Now let’s see how to use AutoModelForSequenceClassification and AutoTokenizer to achieve the same functionality as the above Pipeline:
from transformers import AutoTokenizer, AutoModelForSequenceClassification
model_name = "nlptown/bert-base-multilingual-uncased-sentiment"
tokenizer = AutoTokenizer.from_pretrained(model_name)
model = AutoModelForSequenceClassification.from_pretrained(model_name)
Here, we create a tokenizer object using AutoTokenizer and a model object using AutoModelForSequenceClassification. You only need to pass the model’s name, and the rest will be done automatically.
Next, let’s see how to tokenize sentences using the tokenizer. The tokenizer output is a dictionary consisting of input_ids (the id of each token detected in the input sentence, taken from the tokenizer’s vocabulary), token_type_ids (used for models that require two texts for prediction, which we can ignore now), and attention_mask (indicating where padding occurred during tokenization).
encoding = tokenizer(["Hello!", "How are you?"], padding=True,
truncation=True, max_length=512, return_tensors="pt")
print(encoding)
{'input_ids': tensor([[ 101, 29155, 106, 102, 0, 0],
[ 101, 12548, 10320, 10855, 136, 102]]), 'token_type_ids': tensor([[0, 0, 0, 0, 0, 0],
[0, 0, 0, 0, 0, 0]]), 'attention_mask': tensor([[1, 1, 1, 1, 0, 0],
[1, 1, 1, 1, 1, 1]])}
Then pass the tokenized sentences to the model, which is responsible for outputting predictions. This specific model outputs five scores, where each score is the probability of the rating from 1 to 5.
outputs = model(**encoding)
print(outputs)
SequenceClassifierOutput(loss=None, logits=tensor([[ -0.2410, -0.9115, -0.3269, -0.0462, 1.2899],
[ -0.3575, -0.6521, -0.4409, 0.0471, 0.9552]],
grad_fn=<AddmmBackward0>), hidden_states=None, attentions=None)
The model outputs the final results in the logits attribute. Applying the softmax function to the logits can obtain the probabilities for each label.
from torch import nn
pt_predictions = nn.functional.softmax(outputs.logits, dim=-1)
print(pt_predictions)
tensor([[0.1210, 0.0619, 0.1110, 0.1470, 0.5592],
[0.1269, 0.0945, 0.1168, 0.1902, 0.4716]], grad_fn=<SoftmaxBackward0>)
Saving and Loading Models Locally
Finally, let’s see how to save a model locally. This can be done using the save_pretrained function of the tokenizer and model.
pt_save_directory = "./model"
tokenizer.save_pretrained(pt_save_directory)

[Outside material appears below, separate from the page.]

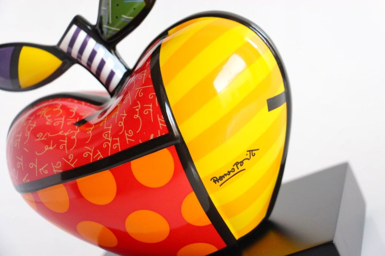 "Big apple", 100% made of German Porcelain Designed exclusively by Romero Britto, famous Brazilian designer for Goebel Porzellan Dimensions: 17 cm height See more: Celebration sunrise SOMETHING ABOUT The brand Goebel, means the highest standards of quality. Since the founding of the company, special emphasis has always been given to artistic expression, quality and the finest craftsmanship. At Goebel you experience how, in close cooperation with renowned artists and designers, objects of porcelain, glass and similar materials become something very special. This is what the founders envisioned, and this is what quickly made Goebel an international success story. In February 2011 Goebel successfully entered the world of Pop Art with the launch of the Romero Britto range. Ever since, Goebel succeeded in enthusing contemporary artists to work with porcelain and glass. Great paintings and daring designs become objects of perfect craftsmanship. The transformation of the Pop Art motives onto porcelain and glass is done in close cooperation with the artists to bring out the best of their unique style. Romero Britto uses vibrant colours and bold patterns as a visual language of hope and happiness. He has been credited with the largest public art installation in Hyde Park history and exhibited at the Louvre Museum - an art that appeals to all! His works of art are primarily devoted to the topics of love, friendship, hope and joy Learn more: https://theculturetrip.com/south-america/brazil/articles/a-splash-of-colour-the-work-of-romero-britto

model.save_pretrained(pt_save_directory)
If you want to load a model that was previously saved, you can use the from_pretrained function of the AutoModel class to load it.
model = AutoModelForSequenceClassification.from_pretrained("./model")
Conclusion
This article introduced the main classes and functions of the Hugging Face library, including the datasets library of transformers, how to use Pipeline to load models in just a few lines of code, and how to run this code on CPU or GPU. It also introduced how to load benchmark datasets directly from the library and how to compute metrics. Finally, it demonstrated how to use the two most important classes, AutoModel and AutoTokenizer, and how to save and load models locally. With this introduction, I hope you can start your NLP journey using the Hugging Face library.